WASHINGTON — The government on Friday rescinded a 14-year ban on silicone gel implants for cosmetic breast enhancement, a decision praised by some for providing women with a better product but criticized by others who still question their safety.
Approval by the Food and Drug Administration had been expected, with silicone implants available in most other countries, where they have quickly replaced the saline-filled alternatives. But the approval came with conditions and warnings.
After rigorous review, the FDA can offer a "reasonable assurance" that silicone implants are "safe and effective," said Donna-Bea Tillman, director of the FDA Office of Device Evaluation.
But she emphasized that the implants are subject to breakdown within the body, and that the surgery itself can cause complications, including painful contracture of the breasts, the shrinkage of scar tissue that forms around implant shells.
"Women [who get implants] will probably have to have additional breast implant surgery at least once," Tillman cautioned.
Silicone implants are regarded as having a more natural look and feel than saline-filled ones, but until now access to them in this country has been largely limited to women undergoing breast reconstruction because of cancer or other medical problems.
The agency approved silicone implants for cosmetic surgery in women 22 and older, and for reconstructive surgery in women of all ages. The age restriction for cosmetic surgery is so teenage girls will not get the implants until their bodies have fully developed, said Dr. Daniel Schultz, director of the FDA Center for Devices and Radiological Health.
Sales of breast implants -- mainly silicone ones -- reached $540 million worldwide last year. In the United States, more than 290,000 women had cosmetic breast enhancement surgery, nearly all with saline implants, in procedures that cost from $6,000 to $10,000, excluding expenses for follow-up care. Once within reach only of the wealthy, cosmetic enhancement is now increasingly popular among middle-class women, even though it is not covered by health insurance.
"I've been in practice for 28 years, and this is wonderful news," said Dr. Elizabeth Morgan, a Beverly Hills plastic surgeon. "The old silicone implants were often defective. They would leak," she said. "But they have made the shells better and thicker, and they don't release the gels like they once did."
Some women have been postponing breast enhancement surgery in anticipation of the announcement, Morgan said, adding that she expected to see an increase in patients as early as next week.
Concern about the health consequences of leaking implants prompted the FDA in 1992 to ban their use in cosmetic procedures.

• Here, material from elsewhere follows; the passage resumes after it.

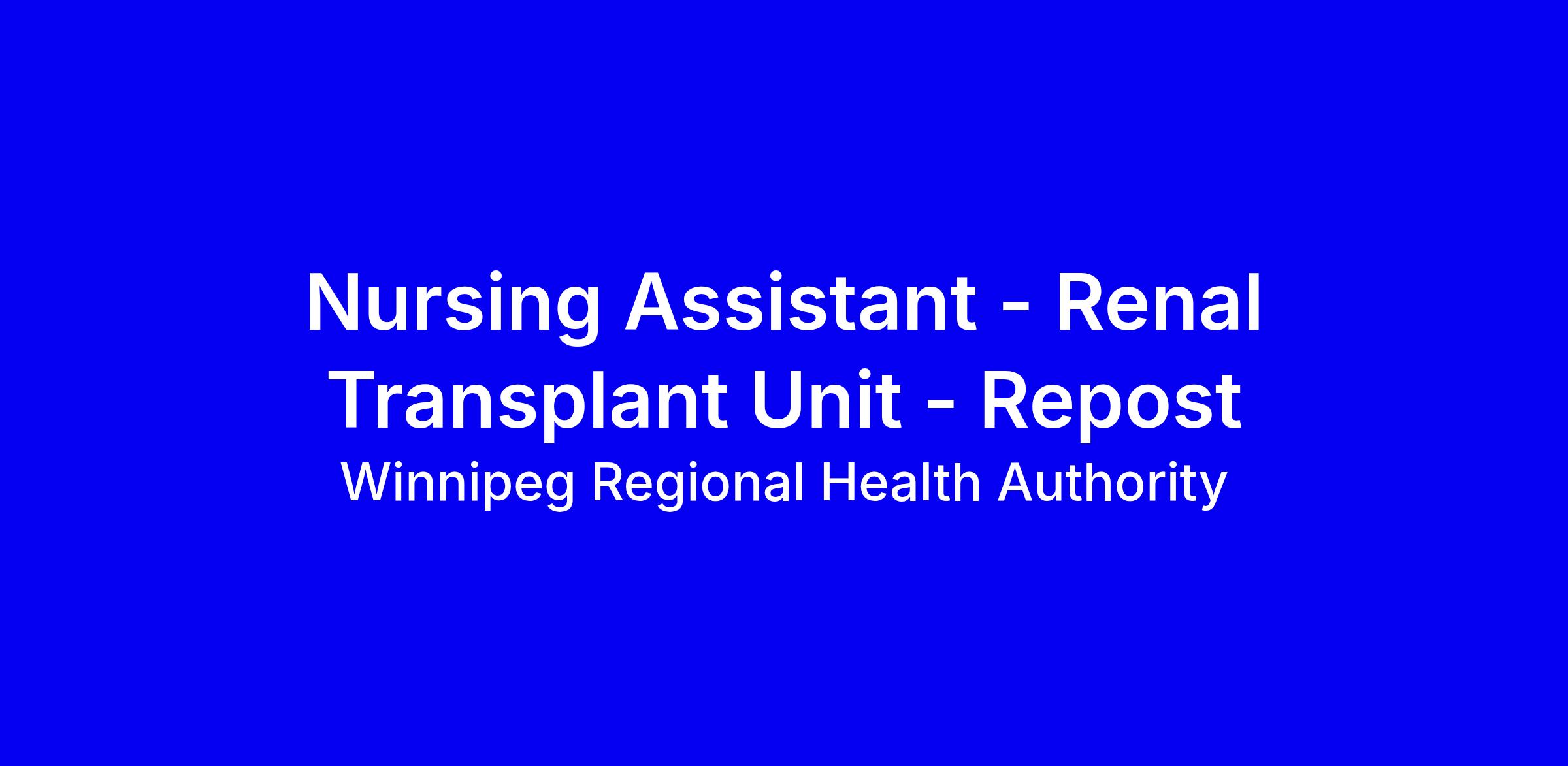 Winnipeg Regional Health Authority seeks a Nursing Assistant for Renal Transplant Unit at Health Sciences Centre. This 0.70 FTE role covers days, nights and weekends and starts ASAP, blending direct patient care with unit clerical duties. Requirements include a Nursing Assistant program or equivalent, Manitoba high school completion, and medical terminology knowledge; Indigenous language skills preferred. Probation includes PHIA, WHMIS and universal precautions training. Highlight organization, communication and teamwork to manage multiple priorities in a fast paced unit. Apply with cover letter, resume, licenses and certifications, plus criminal record and abuse registry checks; ensure you do not exceed 1.0 FTE across Shared Health positions.

However, the implants remained available for cancer survivors, partly because doctors and patients insisted on it.
Studies have found no association between silicone implants and cancer or other life-threatening diseases, although the FDA said Friday that it will continue to monitor for any such risk.

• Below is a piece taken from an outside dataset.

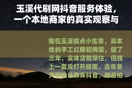 我在玉溪做点小生意,卖本地的手工红糖和腌菜,做了三年,实体店能撑住,但线上一直没打开局面,去年冬天开始认真弄抖音,想着拍点制作过程、原料产地,应该能吸引点同城客户,理想挺丰满,现实是发了一个月,播放量基本在200到500之间打转,偶尔破千都算过年了。

The agency's approval is expected to be a boon to two Santa Barbara manufacturers, Mentor Corp. and Inamed Corp., acquired earlier this year by Irvine-based Allergan Inc. The two companies dominate the silicone implant market, which is roughly split between the two. Silicone implants sell for about $1,800 a pair, or roughly double the price of saline-filled ones. And double-digit sales increases are expected.
American "women now have the same options as women around the world have," said F. Michael Ball, Allergan's president. "This is arguably one of the most studied medical products, and it's clearly safe."
Joshua H. Levine, Mentor's president and CEO, said: "A lot of science exists behind these products, and we feel strongly about their safety and efficacy."
But Susan F. Wood, former head of the FDA's Office of Women's Health, said the long-term safety of silicone breast implants remained largely unproven. She noted that as a condition of approval the FDA required the manufacturers to conduct 10-year studies involving 40,000 women each to monitor for such possible consequences as cancer, connective tissue disease, problems with breastfeeding and even suicide.
"The fact that so many studies are being required seems to demonstrate that the data is limited," Wood said.
On Capitol Hill, several prominent female lawmakers expressed doubts about the decision. Rep. Rosa DeLauro (D-Conn.), said she may hold hearings into the decision next year. "This appears to be yet another example of the FDA dismissing scientific evidence in order to appease corporate interests," said DeLauro, who is in line to chair the panel that controls the FDA's purse strings.
Complications from implant surgery are generally more common among women who have had breast reconstruction as opposed to cosmetic enhancement. But neither type of procedure is risk-free.